В нашем доме, с самого детства помню, если мне или братьям случалось опрокинуть на скатерть стакан или уронить на пол нож, немедленно раздавался громовой голос отца:
– Опять насвинячили!
Если мы макали хлеб в соус, снова слышался окрик:
– А ну, не вылизывать тарелки! Прекратите это свинство!
Свинством отец считал и современную живопись, ее он просто не выносил.
– Не умеете вести себя за столом! С вами стыдно показаться на людях! Окажись такие свиньи в Англии за табльдотом, вас тут же выставили бы вон.
К Англии отец питал чрезвычайное уважение, полагая ее образцом мировой цивилизации.
За обедом он частенько перемывал косточки людям, с которыми встречался в течение дня. Людей он судил очень строго, всех называл недоумками.
– Вот недоумок, – говорил он о ком-нибудь из своих новых знакомых, имея в виду его умственные способности.
Помимо «недоумков» были еще «дикари». «Дикарем», в терминологии отца, считался всякий невоспитанный, застенчивый, не умеющий одеваться, ходить в горы, не владеющий иностранными языками человек.
Все, что в нашем поведении казалось ему недопустимым, квалифицировалось как «дикость».
– Не будьте дикарями. Пора кончать с этой дикостью! – то и дело покрикивал он. Под «дикостью» подразумевалось очень многое. Если мы в городской обуви отправлялись в горы, заговаривали в поезде или на улице с незнакомыми людьми, болтали с соседями, свесившись из окна, снимали туфли в гостиной, клали ноги на калорифер, в походах жаловались на усталость, жажду или натертые мозоли, брали с собой в горы вареную или жирную пищу и салфетки – все это была «дикость».
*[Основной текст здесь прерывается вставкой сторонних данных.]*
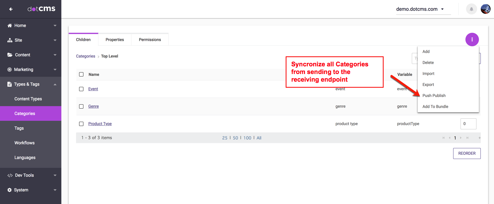 All Categories can be synchronized from one Dynamic Push Publishing Endpoint to another using the Content Types → Categories manager, in addition to being pushed as a dependency of content.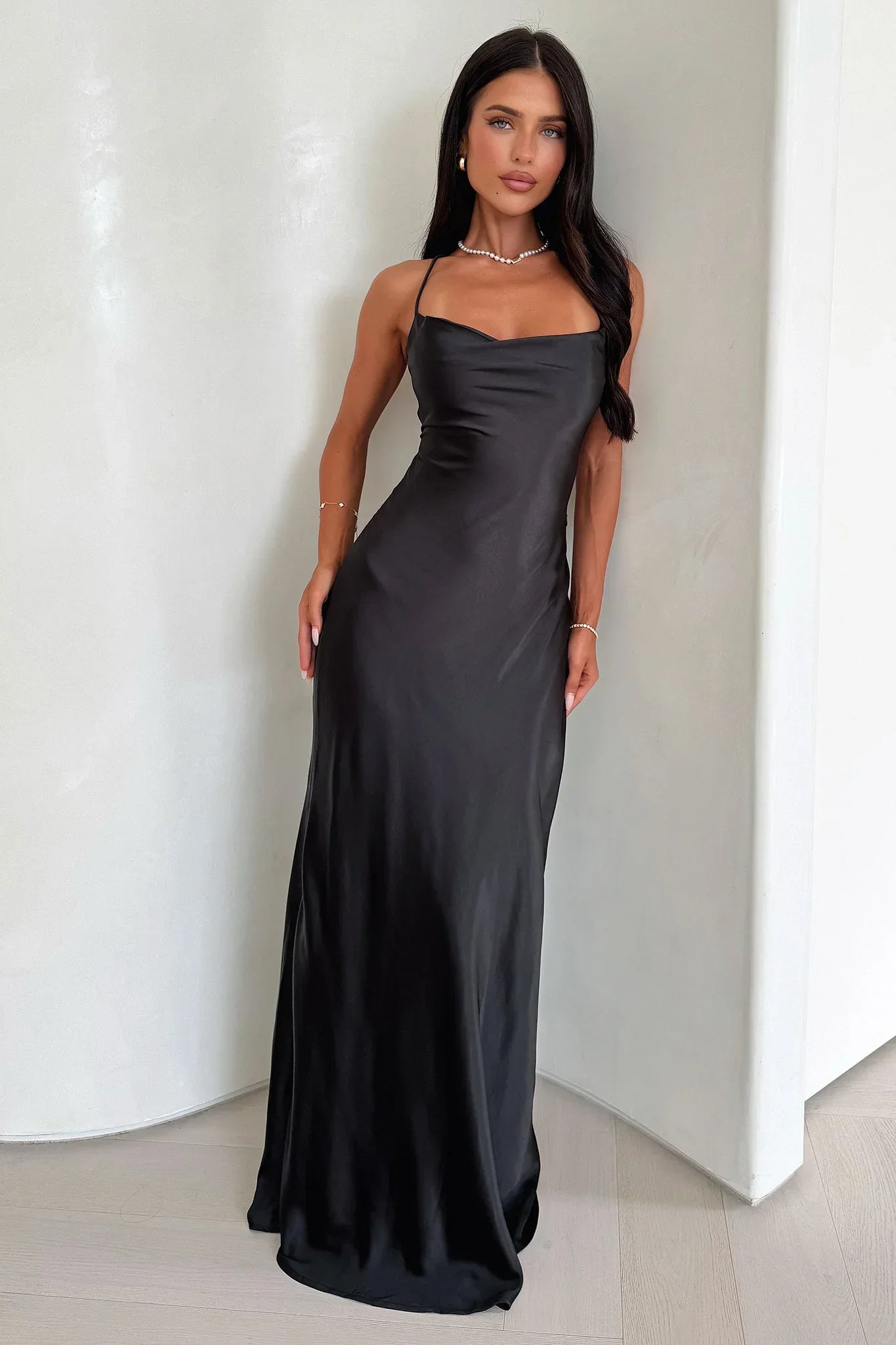 Be the star of the show in our effortlessly chic Starlette Cowl Neck Satin Maxi Dress! Crafted from luxurious satin fabric, this maxi dress features a flattering cowl neckline and thin shoulder straps. The adjustable tie up back adds a touch of uniqueness while the soft fabric ensures comfort. Perfect for any formal occasion, pair with your favorite heels and gold jewelry for a stunning look!

В горы разрешалось брать лишь вполне определенные продукты – плавленый сыр, джем, груши, крутые яйца, а пить можно было только чай, который отец сам готовил на спиртовке. Он склонял над нею ежик своих рыжих волос, хмурил густые брови и бортами куртки – только эту поношенную шерстяную куртку цвета ржавчины с дырявыми карманами он и надевал в горы – прикрывал огонь от ветра.
Во время наших вылазок под запретом были также коньяк и кусковой сахар, поскольку их потребляют только «дикари»; нельзя было, например, завернуть и позавтракать в каком-нибудь альпийском шале, это тоже «дикость». Столь же «дико» было укрываться от солнца носовым платком или соломенной шляпой, в дождь надевать на голову непромокаемый капюшон или обматывать шею шарфом – эти вещи мать утром, перед отправкой, заботливо совала в рюкзак себе и нам, но, попадись они под руку отцу, он тут же их в ярости выкидывал.
Во время походов мы в своих тяжеленных, подбитых шипами ботинках, шерстяных гольфах, шлемах и горных очках на лбу просто обливались потом и с завистью смотрели на «дикарей», легко карабкавшихся на скалы в теннисных тапочках или кушавших сливки за столиками альпийских шале.
Прогулки в горы мать называла «затеей дьявола для потехи своих чертенят» и всегда норовила от них уклониться, особенно когда предполагалось обедать не дома: она после обеда любила почитать газету, а потом вздремнуть на диване.
Лето мы всегда проводили в горах. На три месяца – с июля по сентябрь – снимали дом. Отец обычно выбирал дом, стоявший на отшибе, и ежедневно он и братья надевали рюкзаки, отправляясь за продуктами в деревню. Ни о каких увеселениях не могло быть и речи. Вечера проводили дома: мы с матерью и братьями усаживались вокруг стола, а отец уходил на другую половину дома и там читал. Время от времени он заглядывал в комнату, где мы играли во что-нибудь или болтали, окидывал нас хмурым, подозрительным взглядом и жаловался матери на нашу служанку Наталину, разворошившую все его книги.
– Все твоя любезная Наталина! Совсем из ума выжила! – говорил он, вовсе не заботясь, что Наталина из кухни могла его слышать. Впрочем, она давно привыкла к нелестным отзывам о своем «уме» и совсем не обижалась.